Directions.—This dance belongs to both sexes and boys and girls should, if possible, join in it.

The Dance

All the dancers stand facing the East, in one or more rows deep, according to the number, their staffs held in the right hand so that the flags will hang in front of each dancer, covering the chest, as they begin the following song:

Song No. 1

  Away, away, dark clouds, away!
      Leave the sky!
  Go far away, dark clouds, to-day!
      Leave the sky!
  Stormy clouds, go far away, far away,
    Stormy clouds, no longer stay!
      Leave the sky!
  Go far away, dark clouds, to-day!
      Leave the sky!
  Stormy clouds, go far way, far away!
      Stormy clouds, begone!

First Appeal

In the first line at each "away" the dancers should look up toward the East and move a step forward in that direction. At the line "Leave the sky!" they should point their flags toward the East, keeping the staff out on a level with the body, and accent it by thrusting it forward as if pointing to the East, being careful not to change the level of the staff. At the second "Leave the sky!" the level of the staffs must be raised to about the chin of the dancer and the same pointing motion repeated at this level. At the third "Leave the sky!" the staffs are raised to the level of the dancers' eyes and the same pointing movement repeated. At the fourth "Leave the sky!" the level of the staffs is raised to a line with the top of the head and the pointing motions again given. At the last line, "Stormy clouds, begone!" the staffs and flags should be raised aloft and waved with precision to the rhythm of the song. The steps and movements of the body should be that of backward and forward, to give a pulsating effect, all in exact time with the music. The drum should be beaten in 4/8 time, the first and third stroke heavier than the second and fourth. This series of movements constitutes the Appeal to the East.

The dancers next turn to the North, repeat the song and all the movements of staff and body in exactly the same manner.

The dancers now turn toward the West and go through the song and movements without any variation.

They then turn toward the South and repeat song and movements as before. This brings the First Appeal to a close.

Second Appeal

All the dancers gather in a loose group in the center of the open space, where they divide into two lines that must cross each other at right angles. When this cross-figure is formed, all, as they stand, should face the East.
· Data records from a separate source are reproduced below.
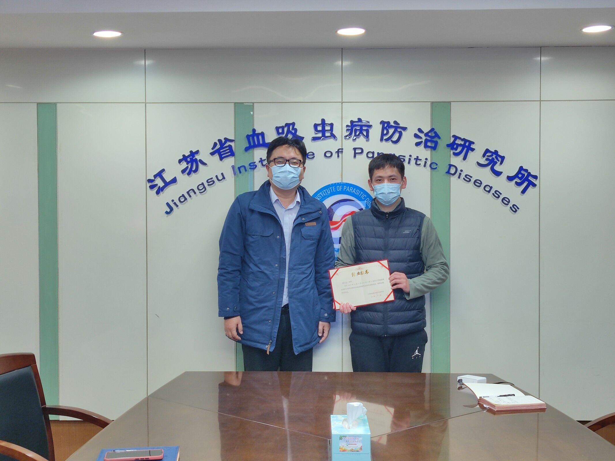 帶教科室負責人對其培訓期間情況進行了點評,認為其在血寄防方面的理論、技術和現場綜合能力方面都得到了明顯提升,希望在未來工作中,能把進修所得運用到實際防治工作中,推動工作再上新臺階。李偉副所長對孟江山學員進修培訓的收獲予以肯定,同時,他也希望未來能進一步提升個人的學習、思考、總結、執行和創新五方面能力,不斷提升知識儲備和綜合能力,為寄生蟲病防治事業作出貢獻,并頒發了結業證書。
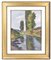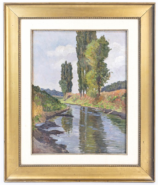 Ignoto del secolo XX "Scorcio fluviale con pioppi" olio su compensato (cm 45x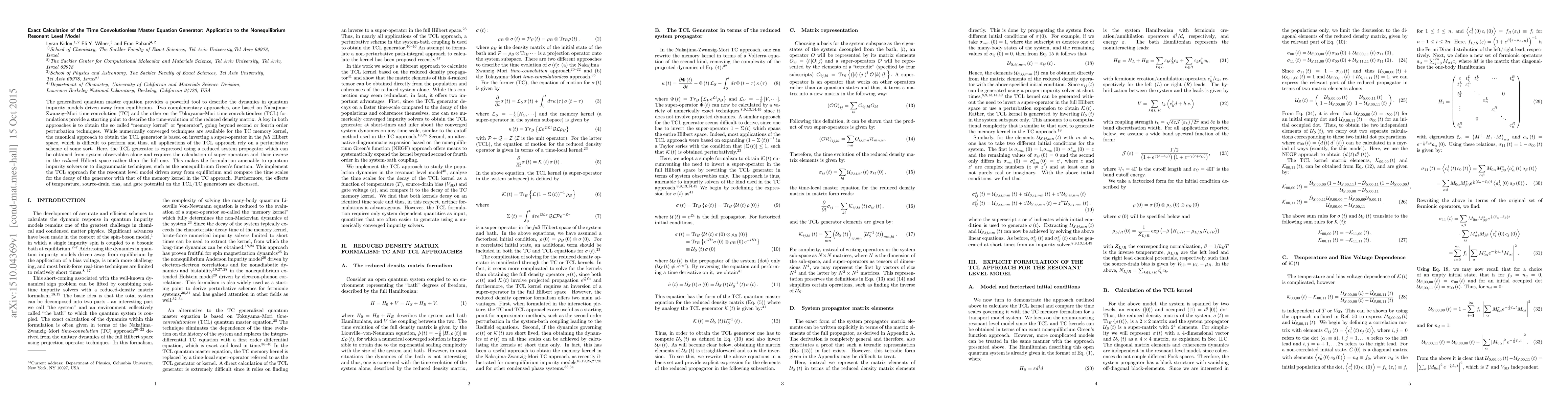 The generalized quantum master equation provides a powerful tool to describe the dynamics in quantum impurity models driven away from equilibrium. Two complementary approaches, one based on Nakajima--Zwanzig--Mori time-convolution (TC) and the other on the Tokuyama--Mori time-convolutionless (TCL) formulations provide a starting point to describe the time-evolution of the reduced density matrix. A key in both approaches is to obtain the so called "memory kernel" or "generator", going beyond second or fourth order perturbation techniques. While numerically converged techniques are available for the TC memory kernel, the canonical approach to obtain the TCL generator is based on inverting a super-operator in the \emph{full} Hilbert space, which is difficult to perform and thus, all applications of the TCL approach rely on a perturbative scheme of some sort. Here, the TCL generator is expressed using a reduced system propagator which can be obtained from system observables alone and requires the calculation of super-operators and their inverse in the \emph{reduced }Hilbert space rather than the full one. This makes the formulation amenable to quantum impurity solvers or to diagrammatic techniques, such as the nonequilibrium Green's function. We implement the TCL approach for the resonant level model driven away from equilibrium and compare the time scales for the decay of the generator with that of the memory kernel in the TC approach. Furthermore, the effects of temperature, source-drain bias, and gate potential on the TCL/TC generators are discussed.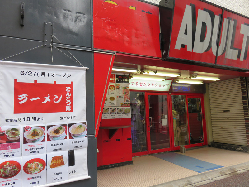 こちらは中洲らしくアダルトショップの隣にあるラーメン屋さん。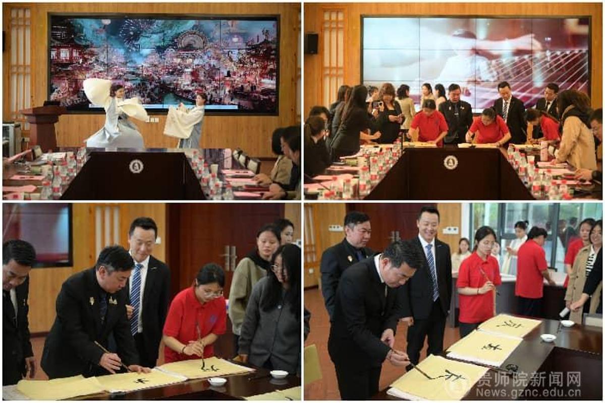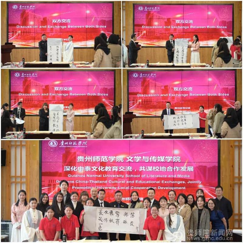 座谈会上,学校汉语国际教育专业学生代表进行了精彩的中华才艺展示,涵盖传统舞蹈、书法等,展现了贵州师范学院学子扎实的文化素养与专业风采,赢得泰方代表一致好评。展示结束后,学生代表现场将精心创作的书法作品赠予泰方代表团,以墨香传递情谊,表达对中泰友好交流的美好祝愿。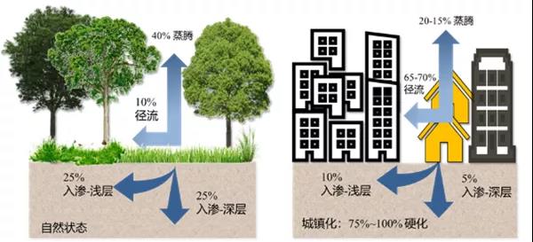城市是人口高度聚集、社會經(jīng)濟也高度發(fā)達的地區(qū),是資源環(huán)境承載力矛盾最為突出的地方。改革開放以來,我國進入了城鎮(zhèn)化快速發(fā)展階段,城鎮(zhèn)化率從1979年的不到20%,發(fā)展到當今的60%左右,年均增幅接近1%。在傳統(tǒng)城市建設理念的影響下,城市開發(fā)建設帶來的城市下墊面過度硬化,城市的“地穿甲”割裂了山水林田湖草的生態(tài)系統(tǒng),改變了原有的自然生態(tài)本底和水文特征,切斷了水的自然循環(huán)過程,破壞了城市水文徑流特征的原真性(見圖1);同時,城市建設高強度開發(fā)、填湖(塘)造地、伐林減綠,忽略或任意調(diào)整豎向關系等粗放做法,在加快降水產(chǎn)匯流的同時,也加大了降雨徑流量和匯流峰值。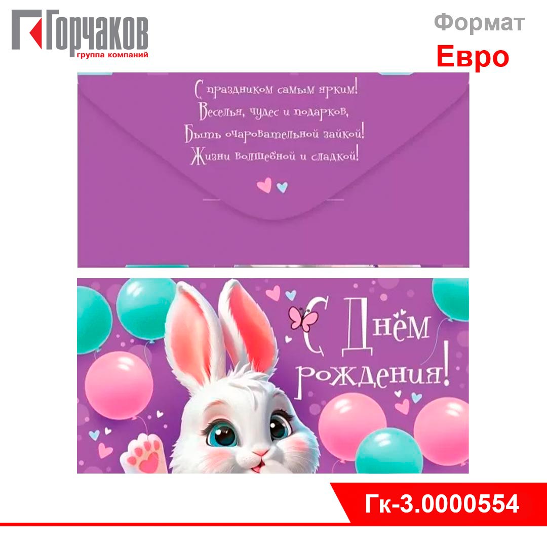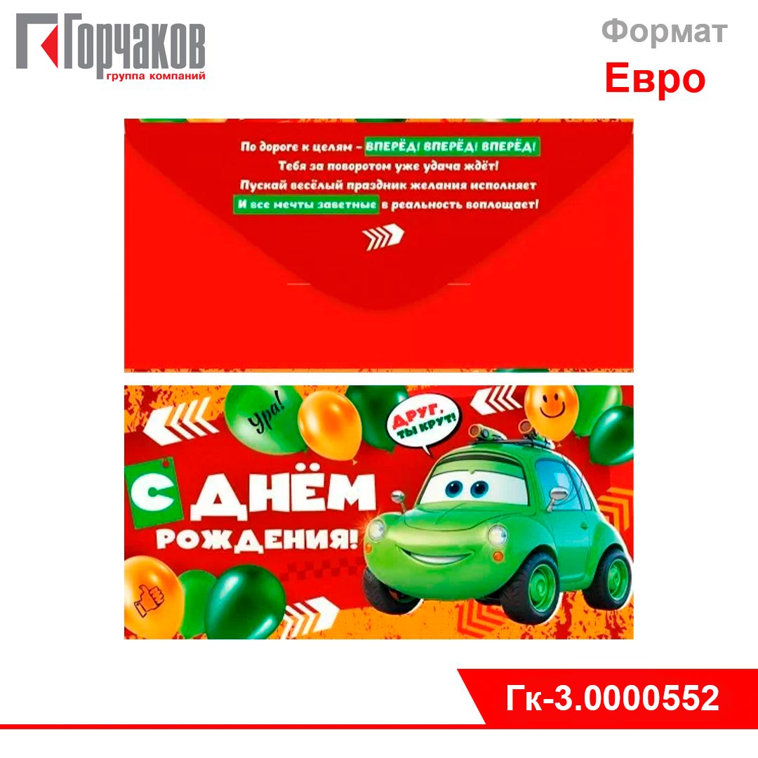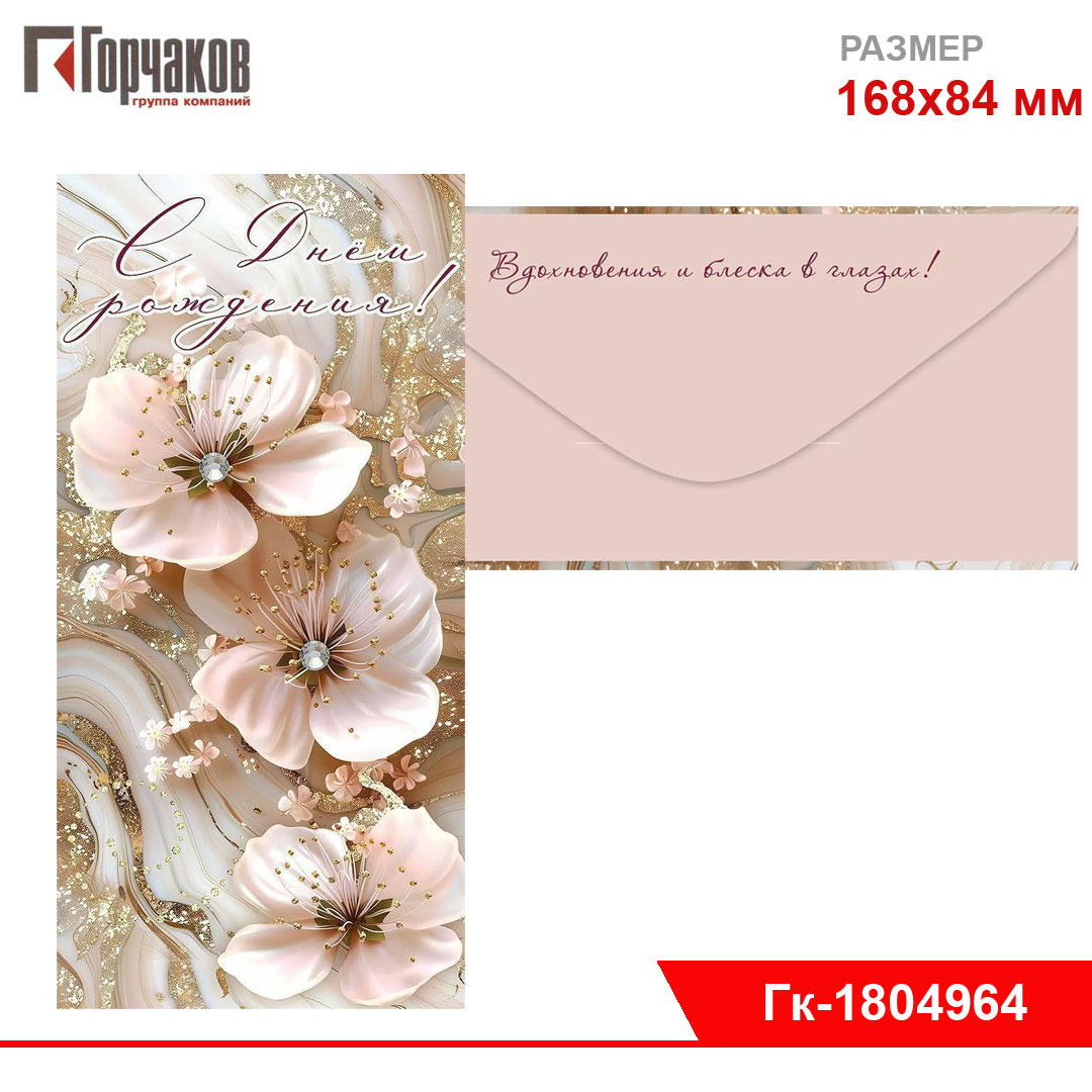 Конверт для денег с поздравлением ко дню рождения. Изображение покрыто глянцевым УФ-лаком. Материал — плотный картон высокого качества. Размеры — 168х84 мм. Количество экземпляров в одной упаковке — 10 штук. [Подробнее...]

The staffs should be held at an angle similar to that of a baton and then swayed to the rhythm of the following song of pleading and of hope:

Song No. 2

  Come, soft skies of blue,
  O'er the earth of verdant hue
    Bend in peace!
  Clouds by thy sunny breath all are gone,
      Blue Sky!
  Joy now fills our hearts anew,
  Sorrows cease;
  Songs of birds sing of thy peace,
      Blue Sky!

As the dancers sing they should take a step sidewise to the right, then return to the first position; then a step to the left and return, so that the whole cross-figure has a swaying motion accentuating the rhythm of the song, which should be sung smoothly and flowingly. When the words "Blue Sky!" are sung the flags should be raised aloft and waved in rhythm and then returned to the previous level. The song should be repeated several times and the figure maintained as the singers face the North, West, South and back to the East. Then the dancers should break into groups and, still singing the song and dancing rhythmically, disperse to their tents.